[Data records]
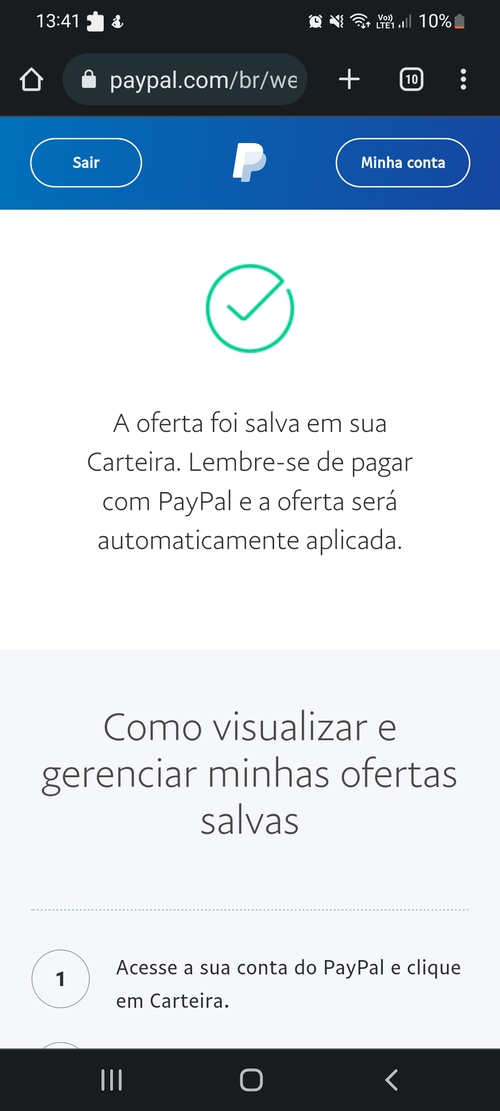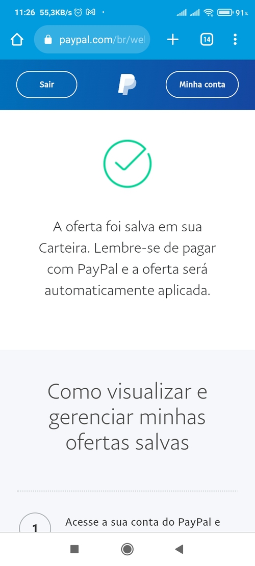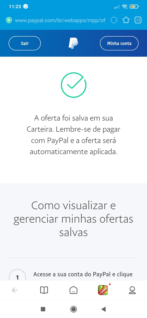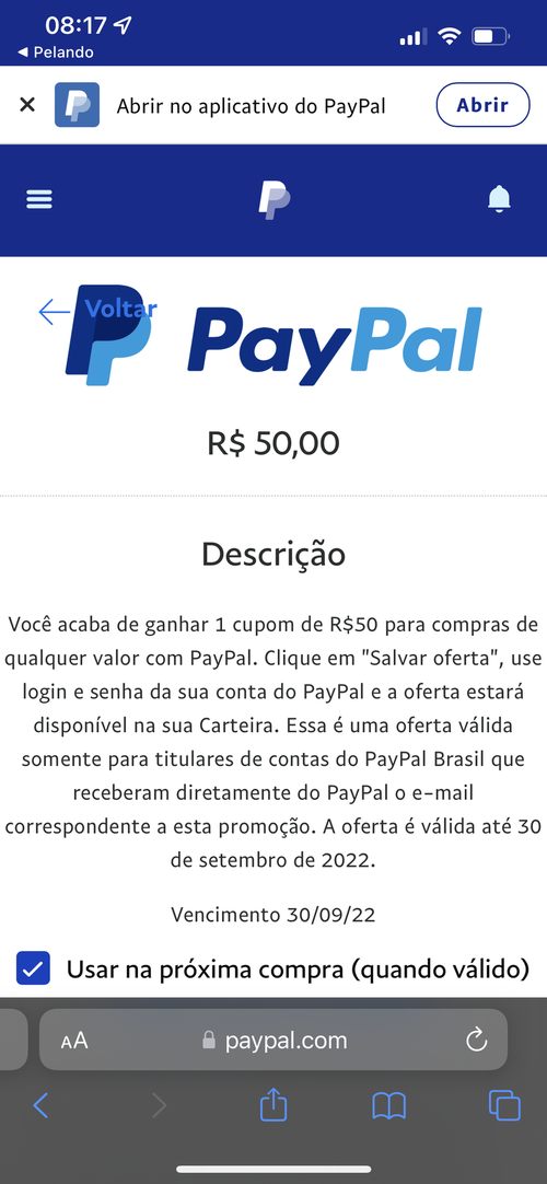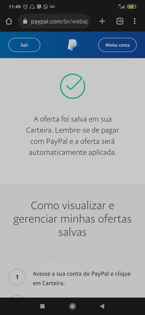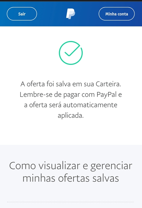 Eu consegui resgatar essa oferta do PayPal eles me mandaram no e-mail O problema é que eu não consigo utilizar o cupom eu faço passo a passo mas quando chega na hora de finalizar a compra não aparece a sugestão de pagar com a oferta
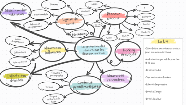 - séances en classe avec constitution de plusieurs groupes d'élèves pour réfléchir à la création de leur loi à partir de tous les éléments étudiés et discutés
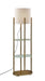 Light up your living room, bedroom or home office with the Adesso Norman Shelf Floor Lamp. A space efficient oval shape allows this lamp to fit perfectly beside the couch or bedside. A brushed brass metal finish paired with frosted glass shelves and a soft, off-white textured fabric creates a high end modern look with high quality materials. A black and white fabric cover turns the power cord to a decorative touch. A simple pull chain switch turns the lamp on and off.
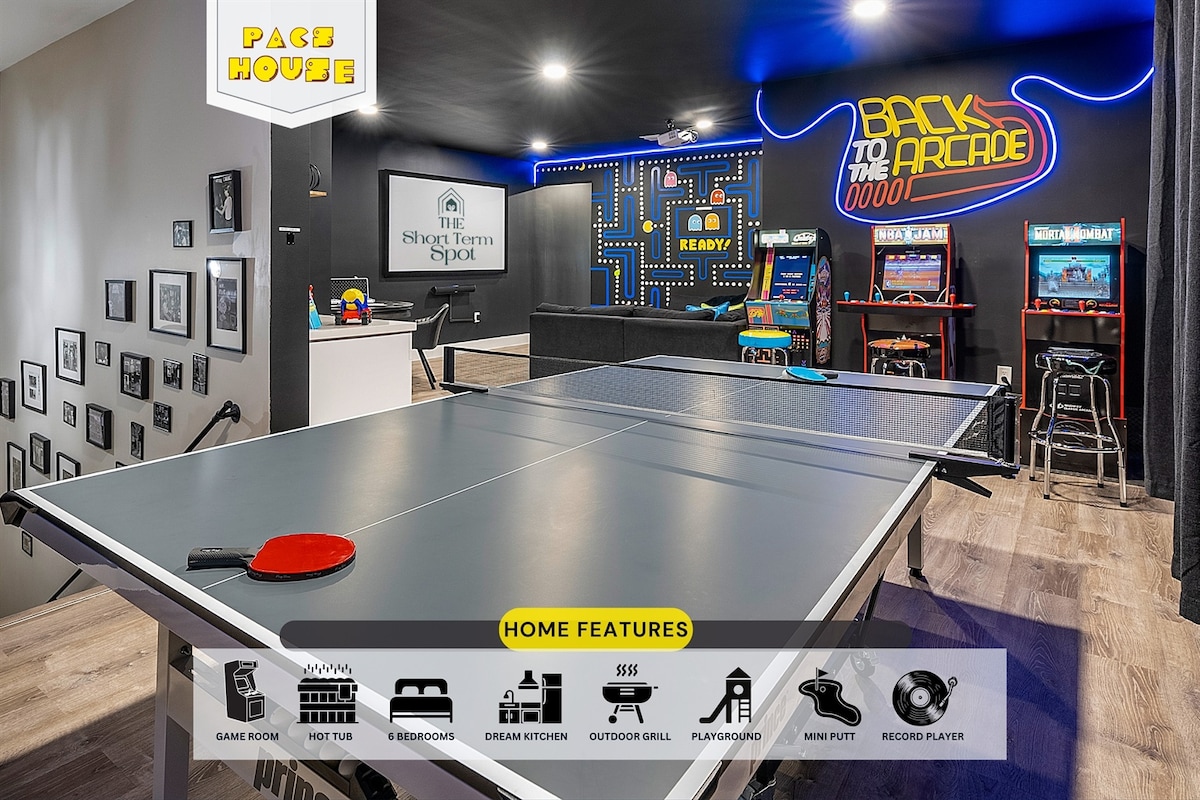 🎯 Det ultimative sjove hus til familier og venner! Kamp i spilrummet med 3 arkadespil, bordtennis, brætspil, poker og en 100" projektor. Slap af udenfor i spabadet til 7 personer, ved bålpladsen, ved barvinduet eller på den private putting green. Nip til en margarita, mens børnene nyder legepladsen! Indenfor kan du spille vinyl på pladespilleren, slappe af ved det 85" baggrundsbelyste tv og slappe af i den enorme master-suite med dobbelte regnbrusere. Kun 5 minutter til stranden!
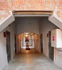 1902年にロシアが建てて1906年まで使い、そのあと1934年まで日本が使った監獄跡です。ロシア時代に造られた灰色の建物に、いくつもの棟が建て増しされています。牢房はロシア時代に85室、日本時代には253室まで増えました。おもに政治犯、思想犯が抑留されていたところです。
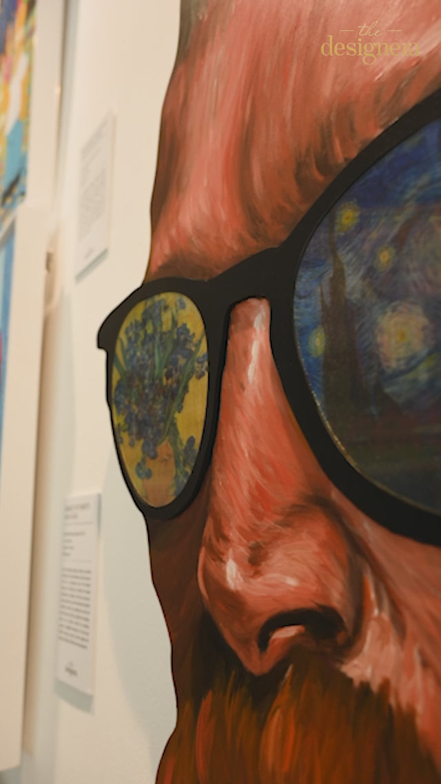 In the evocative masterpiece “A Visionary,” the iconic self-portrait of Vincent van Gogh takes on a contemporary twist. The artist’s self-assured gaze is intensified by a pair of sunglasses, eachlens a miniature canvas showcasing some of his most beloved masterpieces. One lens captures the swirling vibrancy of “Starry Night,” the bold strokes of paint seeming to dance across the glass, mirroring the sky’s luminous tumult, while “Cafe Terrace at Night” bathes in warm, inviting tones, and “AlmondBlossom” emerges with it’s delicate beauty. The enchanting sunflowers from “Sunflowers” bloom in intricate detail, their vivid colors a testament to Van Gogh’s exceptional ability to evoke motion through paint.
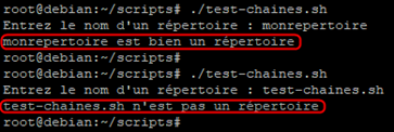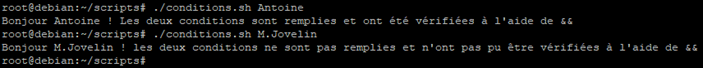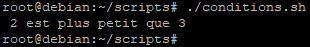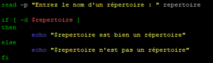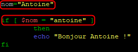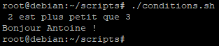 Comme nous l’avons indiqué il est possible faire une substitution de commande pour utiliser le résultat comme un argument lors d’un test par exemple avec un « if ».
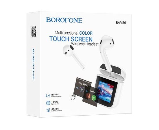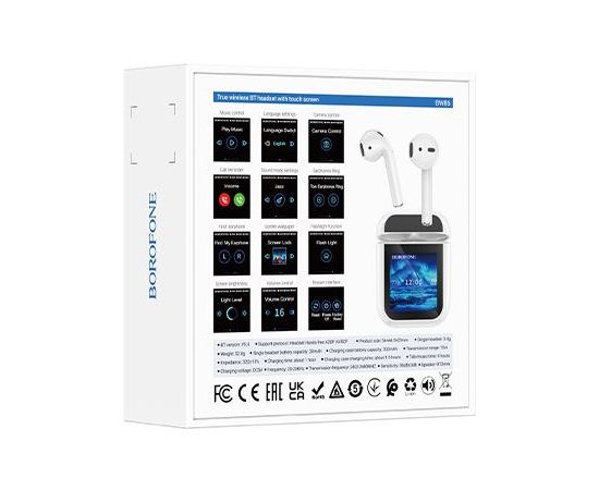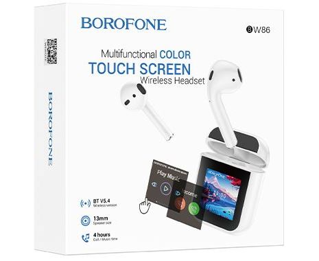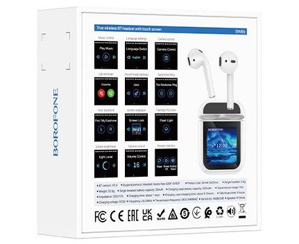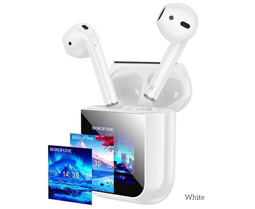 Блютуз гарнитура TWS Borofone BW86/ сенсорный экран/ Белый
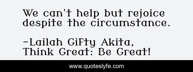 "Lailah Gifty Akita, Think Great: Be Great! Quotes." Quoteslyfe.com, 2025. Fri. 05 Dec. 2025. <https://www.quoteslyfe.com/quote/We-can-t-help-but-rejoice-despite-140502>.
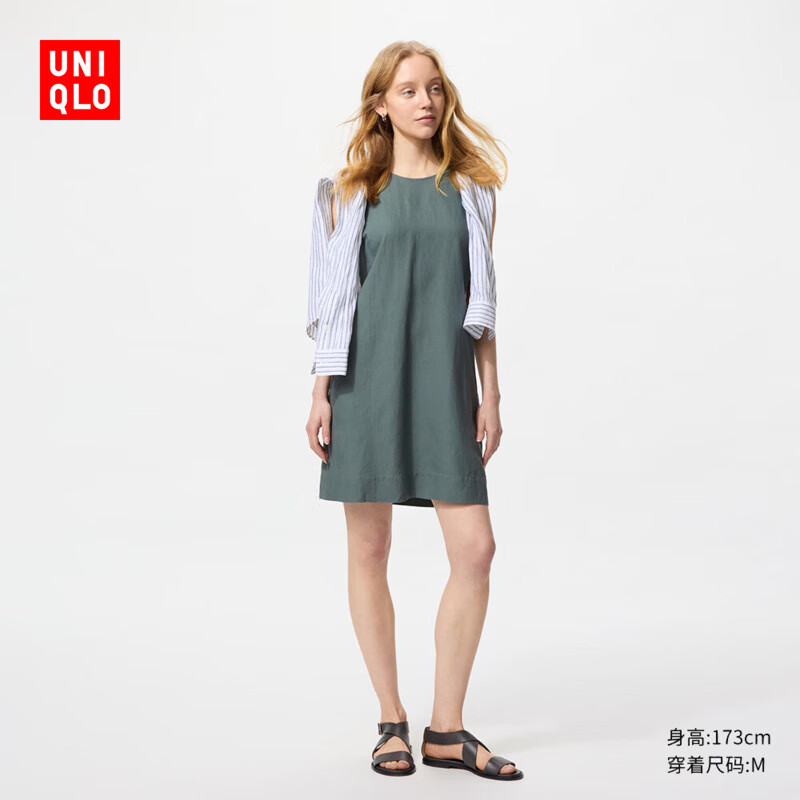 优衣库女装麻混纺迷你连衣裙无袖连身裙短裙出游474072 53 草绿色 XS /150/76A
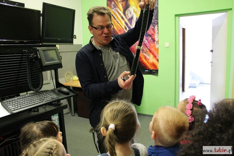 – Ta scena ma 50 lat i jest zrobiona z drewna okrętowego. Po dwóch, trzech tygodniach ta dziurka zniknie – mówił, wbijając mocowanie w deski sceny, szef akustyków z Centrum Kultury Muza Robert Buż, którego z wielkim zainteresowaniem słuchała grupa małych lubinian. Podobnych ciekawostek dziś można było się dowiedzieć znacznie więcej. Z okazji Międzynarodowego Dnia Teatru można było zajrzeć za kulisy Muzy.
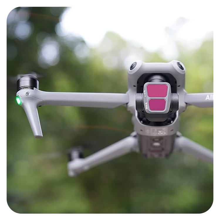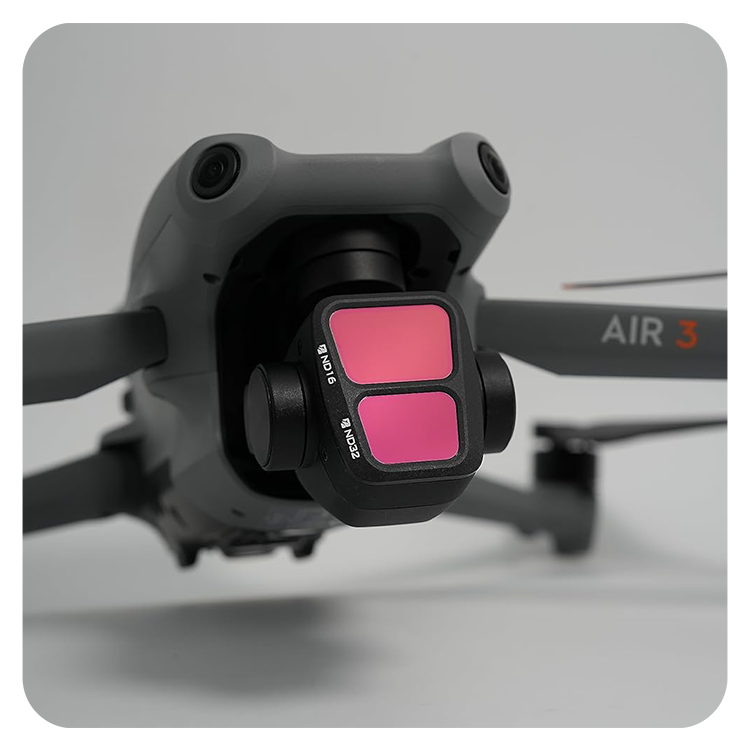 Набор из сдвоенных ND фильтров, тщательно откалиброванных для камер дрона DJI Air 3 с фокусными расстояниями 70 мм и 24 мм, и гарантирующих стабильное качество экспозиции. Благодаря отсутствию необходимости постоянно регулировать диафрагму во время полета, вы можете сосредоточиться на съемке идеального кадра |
[/Data records]
Task item. Output all of the data exactly. Skip the pictures.

Response.
 Eu consegui resgatar essa oferta do PayPal eles me mandaram no e-mail O problema é que eu não consigo utilizar o cupom eu faço passo a passo mas quando chega na hora de finalizar a compra não aparece a sugestão de pagar com a oferta
 - séances en classe avec constitution de plusieurs groupes d'élèves pour réfléchir à la création de leur loi à partir de tous les éléments étudiés et discutés
 Light up your living room, bedroom or home office with the Adesso Norman Shelf Floor Lamp. A space efficient oval shape allows this lamp to fit perfectly beside the couch or bedside. A brushed brass metal finish paired with frosted glass shelves and a soft, off-white textured fabric creates a high end modern look with high quality materials. A black and white fabric cover turns the power cord to a decorative touch. A simple pull chain switch turns the lamp on and off.
 🎯 Det ultimative sjove hus til familier og venner! Kamp i spilrummet med 3 arkadespil, bordtennis, brætspil, poker og en 100" projektor. Slap af udenfor i spabadet til 7 personer, ved bålpladsen, ved barvinduet eller på den private putting green. Nip til en margarita, mens børnene nyder legepladsen! Indenfor kan du spille vinyl på pladespilleren, slappe af ved det 85" baggrundsbelyste tv og slappe af i den enorme master-suite med dobbelte regnbrusere. Kun 5 minutter til stranden!
 1902年にロシアが建てて1906年まで使い、そのあと1934年まで日本が使った監獄跡です。ロシア時代に造られた灰色の建物に、いくつもの棟が建て増しされています。牢房はロシア時代に85室、日本時代には253室まで増えました。おもに政治犯、思想犯が抑留されていたところです。
 In the evocative masterpiece “A Visionary,” the iconic self-portrait of Vincent van Gogh takes on a contemporary twist. The artist’s self-assured gaze is intensified by a pair of sunglasses, eachlens a miniature canvas showcasing some of his most beloved masterpieces. One lens captures the swirling vibrancy of “Starry Night,” the bold strokes of paint seeming to dance across the glass, mirroring the sky’s luminous tumult, while “Cafe Terrace at Night” bathes in warm, inviting tones, and “AlmondBlossom” emerges with it’s delicate beauty. The enchanting sunflowers from “Sunflowers” bloom in intricate detail, their vivid colors a testament to Van Gogh’s exceptional ability to evoke motion through paint.
 Comme nous l’avons indiqué il est possible faire une substitution de commande pour utiliser le résultat comme un argument lors d’un test par exemple avec un « if ».
 Блютуз гарнитура TWS Borofone BW86/ сенсорный экран/ Белый
 "Lailah Gifty Akita, Think Great: Be Great! Quotes." Quoteslyfe.com, 2025. Fri. 05 Dec. 2025. <https://www.quoteslyfe.com/quote/We-can-t-help-but-rejoice-despite-140502>.
 优衣库女装麻混纺迷你连衣裙无袖连身裙短裙出游474072 53 草绿色 XS /150/76A
 – Ta scena ma 50 lat i jest zrobiona z drewna okrętowego. Po dwóch, trzech tygodniach ta dziurka zniknie – mówił, wbijając mocowanie w deski sceny, szef akustyków z Centrum Kultury Muza Robert Buż, którego z wielkim zainteresowaniem słuchała grupa małych lubinian. Podobnych ciekawostek dziś można było się dowiedzieć znacznie więcej. Z okazji Międzynarodowego Dnia Teatru można było zajrzeć za kulisy Muzy.
 Набор из сдвоенных ND фильтров, тщательно откалиброванных для камер дрона DJI Air 3 с фокусными расстояниями 70 мм и 24 мм, и гарантирующих стабильное качество экспозиции. Благодаря отсутствию необходимости постоянно регулировать диафрагму во время полета, вы можете сосредоточиться на съемке идеального кадра |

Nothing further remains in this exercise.